To summarize what we’ve discussed so far in this series, the world is in crisis, and it’s worse than anything Fulton Sheen imagined when he wrote Philosophies at War in 1943. Then, Sheen could look to the Catholic Church to provide an integrated body of social thought to counter the distortions of capitalism and the insidious lunacy of socialism.
|Pius XII: faith must be grounded on reason.|
That is, knowledge of God’s existence and of the natural law written in the hearts of all human beings can be known by the force and light of human reason alone. It’s in Chapter 4.2 and Canon 2.1, if you’re curious. It was reiterated in the Oath Against Modernism and Humani Generis, Pope Pius XII’s encyclical “Concerning Some False Opinions Threatening to Undermine the Foundations of Catholic Doctrine” . . . of which the denial of reason as the foundation of faith is listed first, in § 2.
Thus (at least in Catholic teaching), faith, morals, and reason must all be in agreement. You can’t, as G.K. Chesterton described the efforts of the sophist Siger of Brabant, split the human head in two, and declare that —
. . . [t]here are two truths; the truth of the supernatural world, and the truth of the natural world, which contradicts the supernatural world. While we are being naturalists, we can suppose that Christianity is all nonsense; but then, when we remember that we are Christians, we must admit that Christianity is true even if it is nonsense. In other words, Siger of Brabant split the human head in two, like the blow in an old legend of battle; and declared that a man has two minds, with one of which he must entirely believe and with the other may utterly disbelieve. (G.K. Chesterton, Saint Thomas Aquinas: The “Dumb Ox”. New York: Image Books, 1956, 92-93.
|The Sophist Siger of Brabant|
When things become unbearable, however, the Christian capitalist finds he must shift gears, as it were, and get from the presumed natural highway of his mind, to the supernatural detour into otherworldliness — hopefully on a temporary basis.
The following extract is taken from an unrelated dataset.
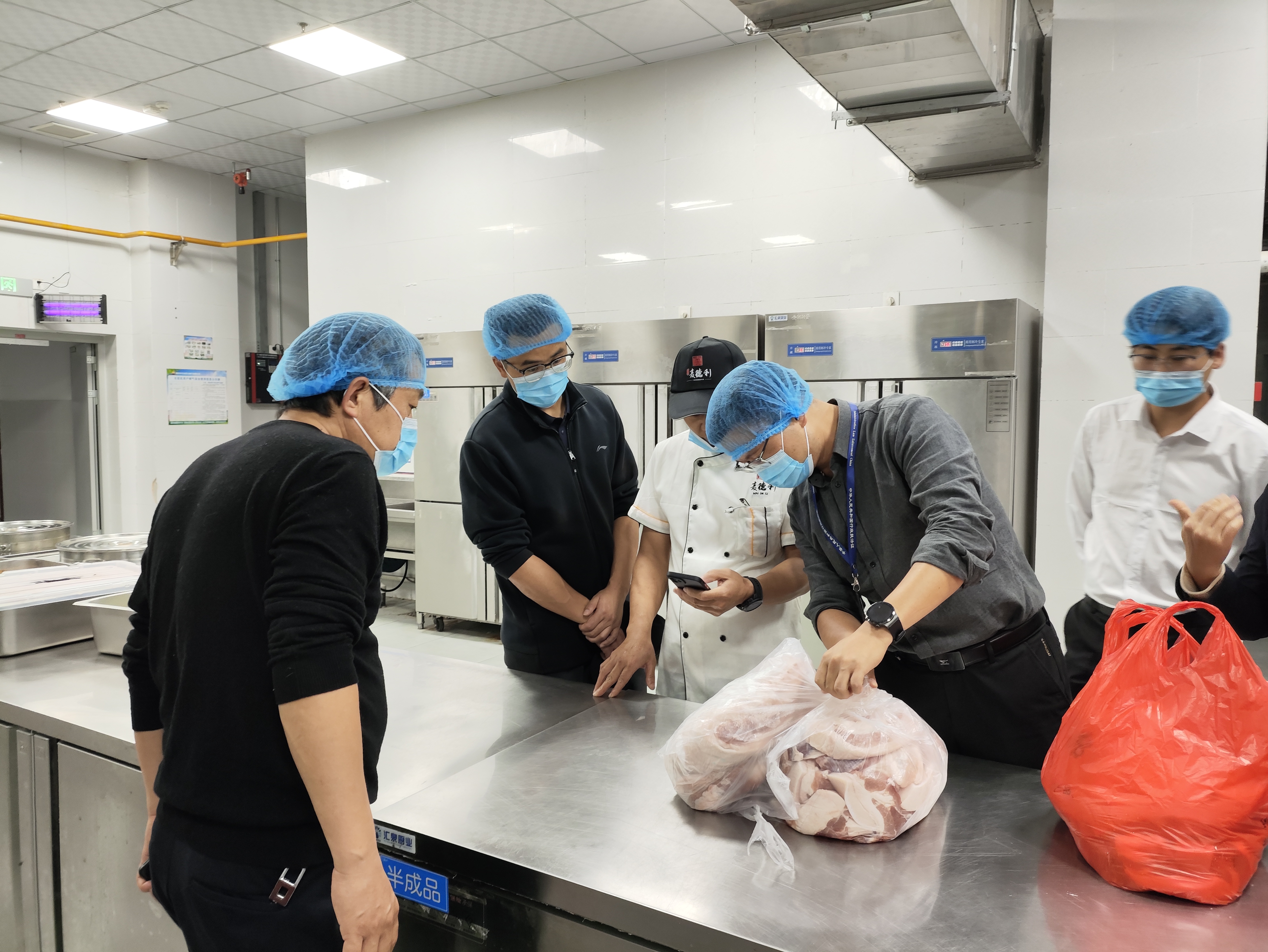 图为执法人员检查肉类产品保存情况

He shifts from what he thinks is justice, to what he thinks is charity, all the while never realizing that this bifurcation of thought is not only completely unnecessary, it has disastrous consequences. Charity is not true only as a temporary thing. It is either true all the time, or not at all.
This is because charity does not replace justice, even temporarily. Instead, charity fulfills and completes justice — permanently. The two necessarily go together and cannot be separated, any more than power and property can be disconnected for any length of time.
Yet, if the Christian capitalist is inconsistent by separating justice and charity, the Christian socialist is completely irrational. Where the Christian capitalist admits a role, albeit hopefully temporary, for what he thinks is charity, the Christian socialist rejects a distorted concept of justice altogether and replaces it permanently with a perverted idea of charity.
He sees that justice à la capitalism has failed, and concludes either that it is not really justice, or that charity must take its place. In the former case, he simply redefines justice in charitable terms, usually some form of redistribution based on need. In the latter — and more honest — case he simply dismisses justice and claims to base everything on charity; “all you need is love.”
This, however, is just the error of the capitalist all over again, except more extreme and in the opposite direction. The capitalist tries to work within a system in which justice and charity take turns, so to speak. Justice is true except when charity becomes necessary, and charity is true until justice can take over again. Thus, for the capitalist, both charity and justice are true, but justice is more true than charity. The natural world is what counts for the capitalist; the supernatural is merely an expedient.
The socialist does the capitalist one better by claiming, in effect, that justice is never true, or (at least) has been wrongly defined, and is therefore not true as the capitalist understands it. Ironically, the socialist is usually correct that the capitalist misunderstands justice. Unfortunately, he, the socialist, is not therefore correct. He simply has a different misunderstanding than the capitalist.
The socialist then tosses out the capitalist’s type of justice and replaces it with what he calls justice (or charity; it doesn’t matter which), which in his opinion is always true, even when it’s neither justice nor charity. Thus, for the socialist, justice is either not true at all, or is true in a different and lesser way than charity, which is always true, even when it is not. The natural world is also what counts for the socialist; the supernatural is confused with the natural in a way that loses its special character and becomes a perverted version of the natural.